The African Development Bank (AfDB) has slashed South Africa’s economic growth for 2023 as a result of sluggish activity, rising interest rates as well as the impact of the ongoing energy crisis.
The AfDB yesterday said that gross domestic product (GDP) in South Africa should weaken further to 0.2% in 2023 reflecting weaker activity in major trading partners.
The bank also flagged further domestic policy tightening as well as structural bottlenecks in particular electricity supply shortages, which restrain industrial output and activity in other sectors.
The AfDB’s growth forecast is slightly lower than the 0.4% estimated by the South African Reserve Bank last week, 2023, though it warned that energy and logistical constraints remained binding on the growth outlook.
However, the AfDB lead economist Ferdinand Bakoup said growth should pick up to a still sluggish level at 1.5% in 2024.
“Overall, South Africa is the worst performer in the southern Africa region over 2023-2024,” Bakoup said.
“Civil unrests, natural disasters such as flood and droughts, local infestations, renewed anti-immigrant protests, a cost-of-living crisis, and the electricity crisis will all hamper economic growth and social cohesion.”
The AfDB yesterday released its Southern Africa Economic Outlook 2023 for 13 economies making up the region.
The bank said that given its weight in the regional economy, South Africa was dragging down overall regional growth.
It said the outlook for 2023 and 2024 was uncertain because the Southern Africa region remained subject to significant downside risks.
The external outlook is clouded with many risks. More persistent global inflation could prompt significantly stricter monetary policy tightening with substantial spillovers effect in the region.
It warned that an abrupt growth slowdown in China or a protracted war in Ukraine could weaken global demand for mineral and metal commodities, exacerbating the growth outlook of resource-rich countries.
Likewise, it said an intensification of the war in Ukraine and geopolitical tensions could spur food and energy prices, exacerbating the fragility of oil and food importing countries.
The domestic front was also exposed to sizeable downside risks and the socio-political context could cloud the economic outlook.
The bank said the Southern Africa region’s medium-term outlook remained modest as the economic performance compared poorly to the other African sub-regions, reflecting subdued performance in South Africa.
The region’s GDP growth is very dependent on the performance of the South Africa economy, given its overwhelming weight in regional GDP, which was 60% percent of Southern Africa GDP in 2022.
In 2022, South Africa’s GDP growth slowed markedly to an estimated 2%, dragging down the average for the region.

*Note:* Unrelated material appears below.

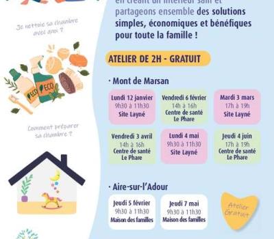 Ca parle de quoi? Un atelier pratique pour apprendre à réduire les polluants dans votre maison et offrir à votre enfant un cadre de vie sain et sécurisé. Protégeons la santé des tout-petits en créant un environnement intérieur sain Un atelier pour :- Repérer les polluants dans la maison (meubles, produits ménagers, jouets, etc.)- Comprendre leurs impacts sur la santé, notamment celle des bébés et des femmes enceintes- Trouver des alternatives concrètes pour assainir son intérieur 𝗝𝗲𝘂𝗱𝗶 𝟱 𝗳𝗲́𝘃𝗿𝗶𝗲𝗿 𝗱𝗲 𝟵𝗵𝟯𝟬 𝗮̀ 𝟭𝟭𝗵𝟯𝟬 Atelier 𝒈𝒓𝒂𝒕𝒖𝒊𝒕 sur inscription 05 58 05 18 18 ou par maternite@ch-mdm.fr Gratuit

This resulted in the Southern Africa region’s GDP growth barely reaching 2.7% in 2022, largely a reflection of sluggish performance in South Africa where civil unrest, natural disasters compounded the electricity crisis to hamper economic growth.
Bakoup said further slowdown of growth in the region was expected in 2023 at 1.6%, followed by a slight improvement at 2.7% in 2024.
“Subdued regional performance is linked to the lingering political and structural issues in South Africa, which drag down regional growth, as well as the impacts of Russia’ invasion in Ukraine, which continue to put pressure on energy and food prices,” he said.
“Projected growth varies across Southern Africa countries, reflecting in part a contrasting trend in the terms of trade and domestic structural issues.’
“In 2024, the region’s growth rate should slightly pick-up, though still posting the worst growth performance across the five sub-regions. Nevertheless, the regional growth rate is improving while it is expected to decrease in the oil exporting countries.”
Meanwhile, the AfDB report also warned that climate change impacts on Southern Africa were increasing in both intensity and frequency, leading to higher physical and transition risks.
It said Southern Africa’s financial needs for climate actions stood at $1 trillion (R18trl), with an annual requirement of $90.3 billion for 2020-2030.
However, the average annual climate finance flows to Southern Africa stands at $6.2bn, representing 6.9%, also meaning that Southern Africa received the least financial flows relative to the financial needs, compared to other African regions in the continent.
“There is an urgent and increasing need for large-scale investment in climate action. The role of the private sector as a partner to make the green growth transition and to close the adaptation finance gap will be crucial,” read the report.
“The greater political commitment toward climate and green growth,and the existing green policy frameworks in some countries in the region, are clear signals for the private sector to search for optimum risk/return climate-related portfolios.”